Headlines: Nov. 29, 2022

· The Pulse
  • The city is expecting a small surplus of $67.8 million in its operating budget for 2021, according to its third-quarter financial update. The surplus is partly the result of job vacancies, as salaries represent about half the city's operating costs, as well as higher-than-expected transit revenue, which city manager Andre Corbould said points to the success of the city's transit safety plan. Coun. Tim Cartmell said the surplus reflects the city being careful in the face of COVID-19 pressures but cautioned against seeing it as "a bonanza of dollars that's going to save us." Mayor Amarjeet Sohi tweeted that he wants to invest the surplus in affordable housing, "bold climate action," and expanding the industrial tax base. Council's first budget meeting is scheduled for Nov. 30.
  • Sgt. Michael Elliott revealed he will step down as president of the Edmonton Police Association effective January 2023 and return to active-duty policing. The union will hold a byelection to identify a replacement for the single year remaining in his term. "It's been rewarding but stressful at the same time," Elliott said in a text to Postmedia. "I need a break. I have not ruled out running again down the road, but my mental health is more important at the moment." Elliott was elected president in 2017 and became known in recent years for defending certain controversial police actions and having public conflicts with some municipal politicians.
  • Alberta will experience a sharp drop in temperatures over the coming days, with most of the province expected to hit -20°C or colder on Nov. 30. The seasonal average for this time of year is between 0°C and -3°C. Environment Canada expects the cold snap to be long and wide-ranging, with most of the country experiencing frigid weather by December. The sudden drop comes at the end of one of the warmest falls recorded in Western Canada, with Edmonton recording its hottest ever August and October.

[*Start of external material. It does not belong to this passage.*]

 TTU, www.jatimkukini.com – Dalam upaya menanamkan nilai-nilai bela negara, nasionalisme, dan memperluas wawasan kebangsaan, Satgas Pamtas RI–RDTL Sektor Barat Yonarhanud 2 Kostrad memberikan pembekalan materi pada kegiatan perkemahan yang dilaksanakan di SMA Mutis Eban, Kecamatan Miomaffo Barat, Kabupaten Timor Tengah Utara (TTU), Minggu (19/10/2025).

  • Experts are concerned about the low flu vaccine uptake in Alberta, which raises the risk for children and seniors. Only around 20.5% of all Albertans have received their annual flu shot. Just 12.7% of children between the age of six months and four years have received the shot and 57% of seniors have been vaccinated, while the target for both groups is 80%. Currently, Albertans aged 19 and younger account for nearly one-third of flu-related ICU admissions. "Influenza now is driving our ICU stays and hospitalizations in terms of respiratory viruses," said Dr. Cora Constantinescu at the Alberta Children's Hospital. Dr. Samir Sinha, a geriatrician in Toronto, said it's "only a matter of weeks before what's happening with children is going to be happening with their parents, and then it's going to be happening with their grandparents." Two children in Alberta have died from the flu since the start of the season.

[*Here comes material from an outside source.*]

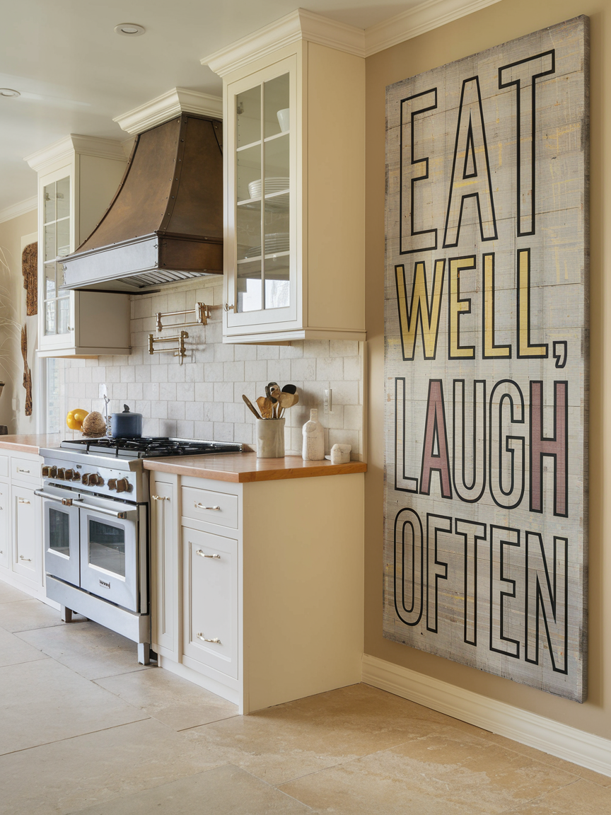 Kitchens are perfect for witty or food-related quotes. Think phrases like “Eat Well, Laugh Often” or “Good Food, Good Mood”. These small touches make daily routines more enjoyable while adding charm to the space.

  • The province announced it will re-index Assured Income for the Severely Handicapped (AISH), Income Support, the Alberta Seniors Benefit, and the Alberta Child and Family Benefit effective Jan. 1, 2023. The social benefit programs will see their rates rise by 6% to match inflation. Recipients of AISH and Income Support can expect to see an increase in their January payments, which will go out Dec. 22, recipients of the Alberta Seniors Benefit will see the change reflected on their January cheques, and recipients of the Alberta Child and Family Benefit will see the increase in their first quarterly payment in February 2023.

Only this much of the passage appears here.